If you can run that on the same server it’ll tell you how the host has configured the opcache. opcache.revalidate_freq is the most obvious thing to look for.

trying · February 27, 2020, 3:31pm

Thanks @wadestriebel @invisnet @james

First I’ll say that configuring opcache is new to me, but I have invested some time reading and experimenting.

Value in seconds.

Obviously in a custom development environment it’s probably at 0 and all is good.

Default vs commonly set values appear to range:

2 (default according to PHP: Runtime Configuration - Manual)
60 popular in several tech sites I visited
3600 in Production environment or even negated with opcache.validate_timestamps set to FALSE but hopefully these users would be well aware of the issue.

Shared hosting environments will presumably vary.

I used a replica and tried a limited number of runs at 2, 5, 10, 15, 60. Based on limited number of runs:

60 was always problematic
It worked once at 15 but failed once at 10, so obviously timing dependent.
2 was OK (but again limited runs)

Unfortunately it appears this could cause server load issues and upset hosts:

After some experimenting I could reduce the problem of the loads to just this: opcache_reset()

Once I perform this call (independently of any prior or later deployment steps, this happens also in isolation when I just call this endpoint) there’s a chance the the system load suddenly spikes.

If that happens and the load is “too high” (I would say from experience > 200 or so), the system becomes unresponsive until for seconds or minutes, depending

Based upon my crash-course, this may be a better solution (but need more coding):

https://www.php.net/manual/en/function.opcache-invalidate.php

and there could still be other issues.

How do other installers, etc. handle it? (noting that installing new files is less problematic than file changes/ overwrites)

IIRC when I upgraded a plugin it updates instantly but it is seconds later before it says plugin ‘reactivated’.

james · February 27, 2020, 8:12pm

Interesting, I definitely see how this could be a problem for high-traffic servers running large applications.

We could use opcache_invalidate instead, but this needs to be called for every single file that is changed, which in the case of a migration is really just about every file.

We would also probably want to make the ClassicPress upgrade process only replace and invalidate files that are actually changed, right now it just replaces everything.

Can you post all of the opcache configuration settings in your server config please?
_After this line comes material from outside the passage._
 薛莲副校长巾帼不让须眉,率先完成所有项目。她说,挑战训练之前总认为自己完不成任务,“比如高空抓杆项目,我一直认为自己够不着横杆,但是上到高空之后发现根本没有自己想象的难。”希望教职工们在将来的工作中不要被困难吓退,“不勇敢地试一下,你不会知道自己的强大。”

In particular, opcache.validate_timestamps, since it looks like if that is disabled it would cause this problem, according to the accepted answer at your link.
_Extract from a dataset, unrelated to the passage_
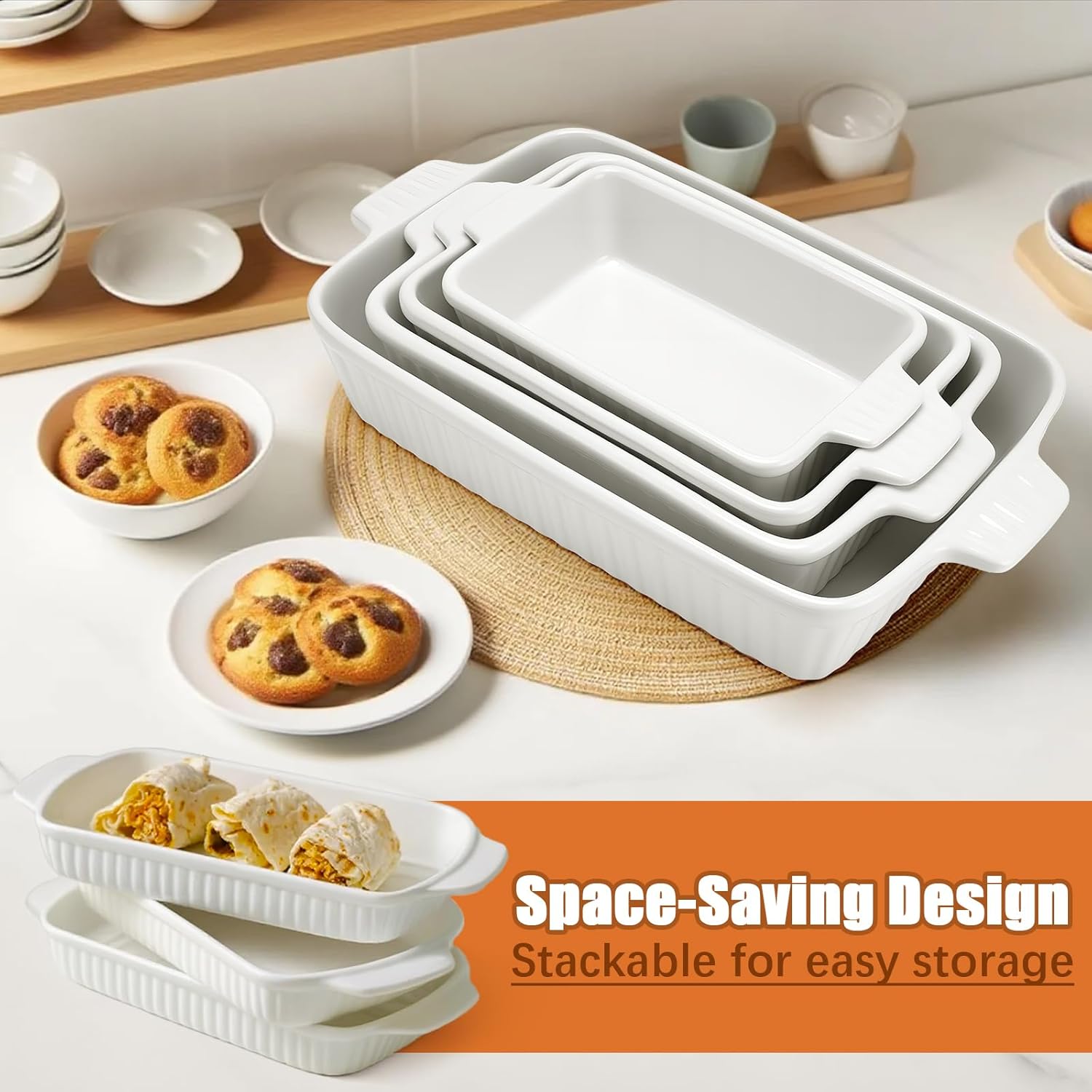 Premium Material: Crafted from lead-free, professional-grade ceramic, this casserole dish set is designed to withstand high temperatures without cracking or warping, and it is safe to use in dishwashers, refrigerators, microwaves, and ovens up to 500°F/260°C, heats evenly, restaurant grade durability, resisting cracks, stains and thermal shock. With a sleek, modern design and elegant white finish, these ceramic bakeware dishes is a charming addition to your kitchen and dining table

In any case this is pretty convincing evidence of the opcache being responsible for this issue. Thanks for investigating further!
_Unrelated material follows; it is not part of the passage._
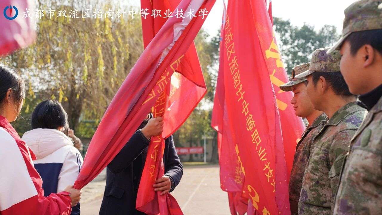 班旗猎猎,使命在肩。仪式最后,德育副校长代表学校向各班级教官授予班旗,这面象征着责任与团结的旗帜,将引领学子们在训练中奋勇争先、勇创佳绩。

joyously · February 28, 2020, 3:11pm

Wouldn’t the same issue show up for a WP update or a CP update?

trying · February 29, 2020, 7:18pm

From my limited understanding that sounds like it is correct and would be best practice. Certainly better than calling opcache_reset

That sounds optimal.

I do not have it here but I can confirm 100% that opcache.enable and opcache.validate_timestamps was true.

I also tried opcache.revalidate_freq at 3600 and after running the tool, the site (public+admin) was blank for an hour before coming back to life, as expected.

Therefore I would agree:

Glad to help (I hope!)

trying · February 29, 2020, 7:21pm

Good point!

When I used the tool to revert to WP v5.3.2 it did load the updated page but not 100% correctly - there were content / layout issues.

The mystery continues.

james · March 1, 2020, 3:23am

I think this is as expected. The issues would be random depending on which files loaded stale versions.

Still, a migration from WP->CP or CP->WP is the most likely to cause issues, just because more files are being replaced during this process.

I think this code is a reasonable approach towards fixing this issue: Invalidate the PHP opcache when files are upgraded by nylen · Pull Request #567 · ClassicPress/ClassicPress · GitHub

There is still a lot left to do though - it needs thorough testing using a custom ClassicPress build on servers with different opcache configurations. Also, there is an open WP ticket about this, so it would be good to coordinate the same fix across both projects: https://core.trac.wordpress.org/ticket/36455

trying · March 2, 2020, 2:41am

Yes, was tired! Same effect - different file/changes cause different visible outcome, but the same underlying issue. Also core files obviously more likely to impact something.

Documented code - a sight for sore eyes

They may have reached the same conclusion:

I agree with a few folks in here that ideally the flush would be targeted to the exact files that changed. This would help avoid causing unnecessary churn on servers …

Did not look for their PR though.